Department of Biomedical Informatics, University of Utah, Suite 140, 421 Wakara Way, Salt Lake City, UT 84108 USA.
Health Inf Sci Syst. 2016 Mar 8;4:2. doi: 10.1186/s13755-016-0015-4. eCollection 2016.
Predictive modeling is a key component of solutions to many healthcare problems. Among all predictive modeling approaches, machine learning methods often achieve the highest prediction accuracy, but suffer from a long-standing open problem precluding their widespread use in healthcare. Most machine learning models give no explanation for their prediction results, whereas interpretability is essential for a predictive model to be adopted in typical healthcare settings.
This paper presents the first complete method for automatically explaining results for any machine learning predictive model without degrading accuracy. We did a computer coding implementation of the method. Using the electronic medical record data set from the Practice Fusion diabetes classification competition containing patient records from all 50 states in the United States, we demonstrated the method on predicting type 2 diabetes diagnosis within the next year.
For the champion machine learning model of the competition, our method explained prediction results for 87.4 % of patients who were correctly predicted by the model to have type 2 diabetes diagnosis within the next year.
Our demonstration showed the feasibility of automatically explaining results for any machine learning predictive model without degrading accuracy.
预测建模是许多医疗保健问题解决方案的关键组成部分。
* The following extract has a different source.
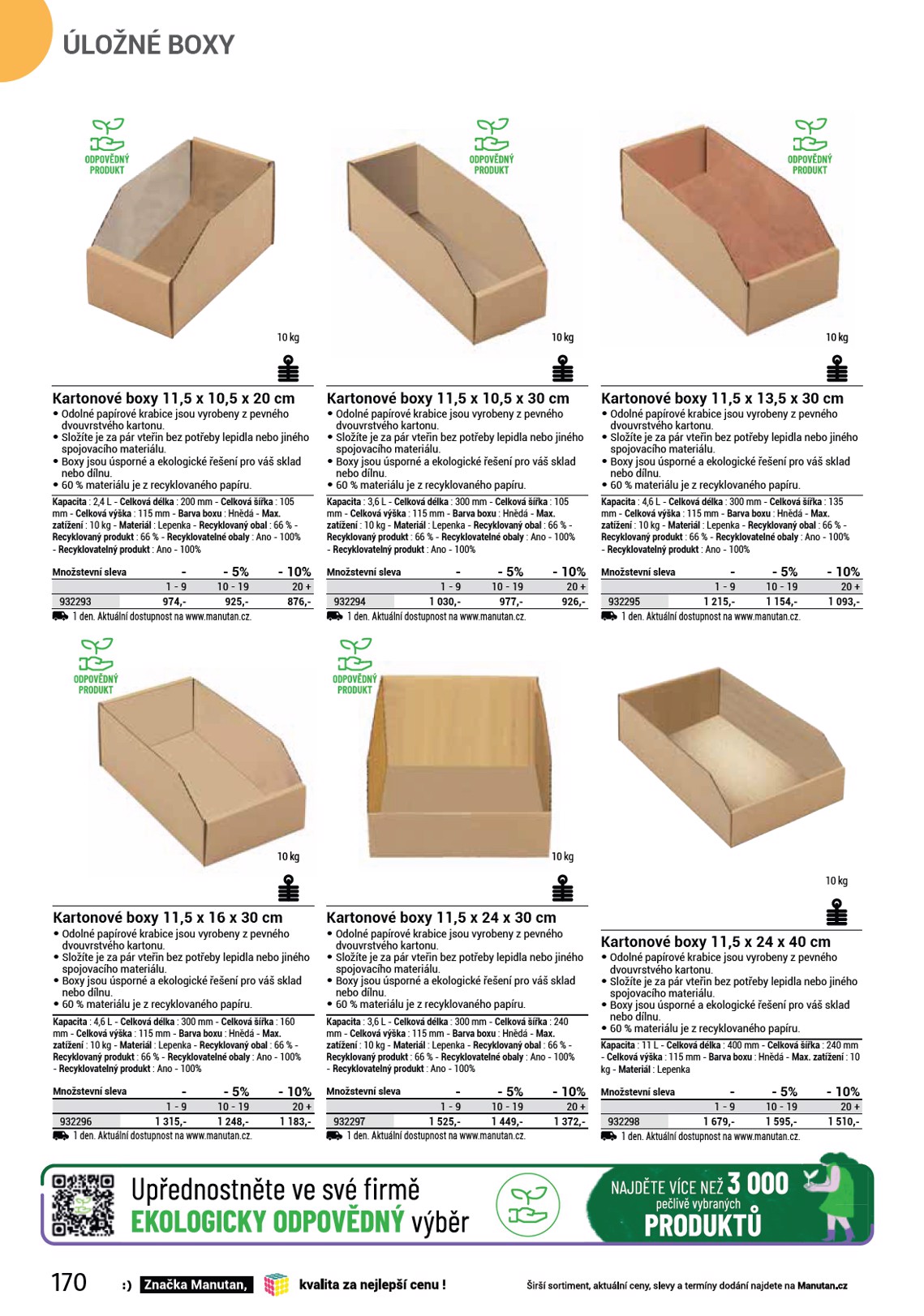 ÚLOŽNÉ BOXY širší sortiment širší sortiment 0,4 kg 2 kg Plastové boxy Ecobox mini 5 x 9 x 11 cm • Plastové boxy řady ECOBOX MINI jsou ideální ke skladování materiálu např. v dílnách či obchodech. • Jsou klasicky stohovatelné a rovněž je lze uchytit na stěnu pomocí speciální lišty a nebo perfopanelu. • Jsou opatřeny držákem etiket a jsou dodávány v pěti barevných variantách. SS Perfopanel a lišta nejsou součástí dodávky. Kapacita : 0,14 L - Celková délka : 90 mm - Celková šířka : 110 mm - Celková výška : 50 mm - Max. zatížení : 0,4 kg - Materiál : Polypropylen - Hmotnost : 0,03 kg Množstevní sleva Barva boxu Černá Červená Modrá Zelená Žlutá 1 den. Aktuální dostupnost na www.manutan.cz. 1179164 1179165 1179166 1179167 1179168 - 1 - 40 19,- 21,- 21,- 21,- 20,- - 13% 41 + 16,- 19,- 19,- 19,- 18,- Plastové boxy Ecobox small 7,5 x 11 x 16,5 cm • Plastové boxy řady ECOBOX jsou ideální ke skladování materiálu např. v dílnách či obchodech. • Jsou klasicky stohovatelné a rovněž je lze uchytit na stěnu pomocí speciální lišty a nebo perfopanelu. • Jsou opatřeny držákem etiket a jsou dodávány v pěti barevných variantách. SS Perfopanel a lišta nejsou součástí dodávky. Kapacita : 0,5 L - Celková délka : 165 mm - Celková šířka : 110 mm - Celková výška : 75 mm - Max. zatížení : 2 kg - Materiál : Polypropylen - Hmotnost : 0,08 kg Množstevní sleva Barva boxu Černá Červená Modrá Zelená Žlutá 1 den. Aktuální dostupnost na www.manutan.cz. 1179169 1179170 1179171 1179172 1179173 - 1 - 34 30,- 33,- 33,- 33,- 33,- - 12% 35 + 26,- 30,- 30,- 30,- 30,- širší sortiment širší sortiment 9 kg 15,5 kg Plastové boxy Ecobox medium 12,5 x 15,5 x 24 cm • Plastové boxy řady ECOBOX MEDIUM jsou ideální ke skladování materiálu např. v dílnách či obchodech. • Jsou klasicky stohovatelné a rovněž je lze uchytit na stěnu pomocí speciální lišty a nebo perfopanelu. • Jsou opatřeny držákem etiket a jsou dodávány v pěti barevných variantách. SS Perfopanel a lišta nejsou součástí dodávky. Kapacita : 1,78 L - Celková délka : 240 mm - Celková šířka : 155 mm - Celková výška : 125 mm - Max. zatížení : 9 kg - Materiál : Polypropylen - Hmotnost : 0,19 kg Množstevní sleva Barva boxu Černá Červená Modrá Zelená Žlutá 1 den. Aktuální dostupnost na www.manutan.cz. 1179174 1179175 1179176 1179177 1179178 - 1 - 34 70,- 88,- 88,- 88,- 87,- - 10% 35 + 63,- 78,- 78,- 78,- 77,- Plastové boxy Ecobox large 16,5 x 22 x 35 cm • Plastové boxy řady ECOBOX LARGE jsou ideální ke skladování materiálu např. v dílnách či obchodech. • Jsou klasicky stohovatelné a rovněž je lze uchytit na stěnu pomocí speciální lišty a nebo perfopanelu. • Jsou opatřeny držákem etiket a jsou dodávány v pěti barevných variantách. SS Perfopanel a lišta nejsou součástí dodávky. Kapacita : 4,8 L - Celková délka : 350 mm - Celková šířka : 220 mm - Celková výška : 165 mm - Max. zatížení : 15,5 kg - Materiál : Polypropylen - Hmotnost : 0,43 kg Množstevní sleva Barva boxu Černá Červená Modrá Zelená Žlutá 1 den. Aktuální dostupnost na www.manutan.cz. 1179179 1179180 1179181 1179182 1179183 - 1 - 9 178,- 186,- 186,- 186,- 186,- - 10% 10 + 160,- 167,- 167,- 167,- 167,- 174

在所有预测建模方法中,机器学习方法通常能达到最高的预测精度,但长期存在一个开放性问题,阻碍了它们在医疗保健中的广泛应用。大多数机器学习模型都没有对其预测结果进行解释,而可解释性对于预测模型在典型医疗保健环境中的应用至关重要。
本文提出了第一个完整的方法,可在不降低准确性的情况下自动解释任何机器学习预测模型的结果。我们通过计算机编码实现了该方法。使用来自 Practice Fusion 糖尿病分类竞赛的电子病历数据集,其中包含来自美国 50 个州的患者记录,我们在预测未来一年内 2 型糖尿病诊断方面展示了该方法。
对于竞赛的冠军机器学习模型,我们的方法解释了 87.4%的患者的预测结果,这些患者被模型正确预测为在未来一年内患有 2 型糖尿病。
我们的演示表明,无需降低准确性即可自动解释任何机器学习预测模型结果的可行性。